Requirement: The response has to reproduce all entries exactly while excluding their pictures.
********************
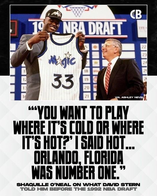 奥尼尔说:“我在选秀前的三月份遇到了斯特恩先生,他对我说,‘嘿,我知道你是谁,迫不及待地想让你进入NBA了。’然后他把我拉到一边问道,‘你是想在天气寒冷的地方打球,还是在天气炎热的地方打球呢?’”
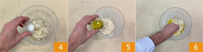 Continuad mezclando, vertiendo poco a poco el resto del agua. Añadid ahora la sal 4 y la mitad del aceite 5, luego comenzad a amasar a mano 6.
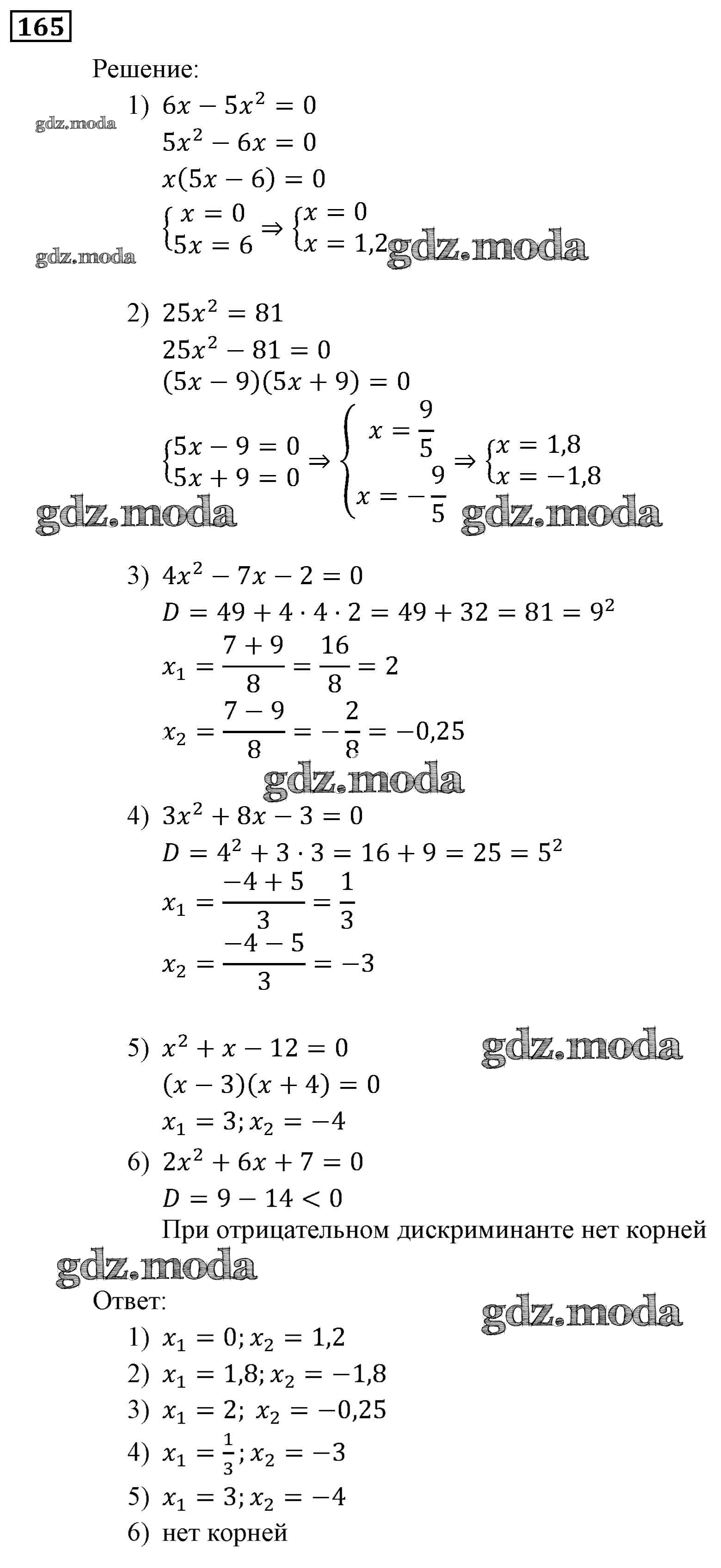 ОТВЕТ на задание № 165 Учебник по Алгебре 9 класс Мерзляк Алгоритм успеха
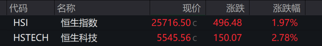 港股:截至发稿,恒生指数收盘涨1.97%,恒生科技指数涨2.78%。
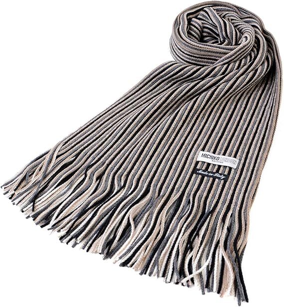 - [ミチコロンドン] イタリア製 ブランドマフラー 男女兼用 ラッセル ストライプ ベージュ系
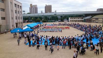 今日は、隣の日輪学園幼稚園が本校のグランドで運動会を実施しております。
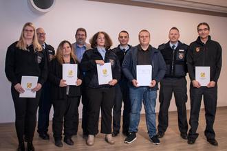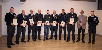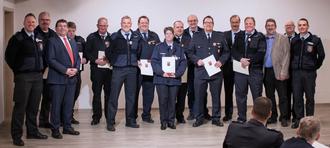 Das bronzene Feuerwehrehrenzeichen für 15 jährige aktive Tätigkeit erhielten: Martin Christian Schnee (FFW Burgschwalbach), Nils Heiber (FFW Hahnstätten), Klaus Rasbach und Sascha Winn (FFW Herold), Dominik Richter (FFW Katzenelnbogen), Lukas Egert und Carsten Stroh (FFW Mittelfischbach), Tatjana Matthey, John-Paul Marco Helbig, John Dominik Mohr und Sebastian Schwenk (FFW Niederneisen).
********************
Solution to the problem:
 奥尼尔说:“我在选秀前的三月份遇到了斯特恩先生,他对我说,‘嘿,我知道你是谁,迫不及待地想让你进入NBA了。’然后他把我拉到一边问道,‘你是想在天气寒冷的地方打球,还是在天气炎热的地方打球呢?’”
 Continuad mezclando, vertiendo poco a poco el resto del agua. Añadid ahora la sal 4 y la mitad del aceite 5, luego comenzad a amasar a mano 6.
 ОТВЕТ на задание № 165 Учебник по Алгебре 9 класс Мерзляк Алгоритм успеха
 港股:截至发稿,恒生指数收盘涨1.97%,恒生科技指数涨2.78%。
 - [ミチコロンドン] イタリア製 ブランドマフラー 男女兼用 ラッセル ストライプ ベージュ系
 今日は、隣の日輪学園幼稚園が本校のグランドで運動会を実施しております。
 Das bronzene Feuerwehrehrenzeichen für 15 jährige aktive Tätigkeit erhielten: Martin Christian Schnee (FFW Burgschwalbach), Nils Heiber (FFW Hahnstätten), Klaus Rasbach und Sascha Winn (FFW Herold), Dominik Richter (FFW Katzenelnbogen), Lukas Egert und Carsten Stroh (FFW Mittelfischbach), Tatjana Matthey, John-Paul Marco Helbig, John Dominik Mohr und Sebastian Schwenk (FFW Niederneisen).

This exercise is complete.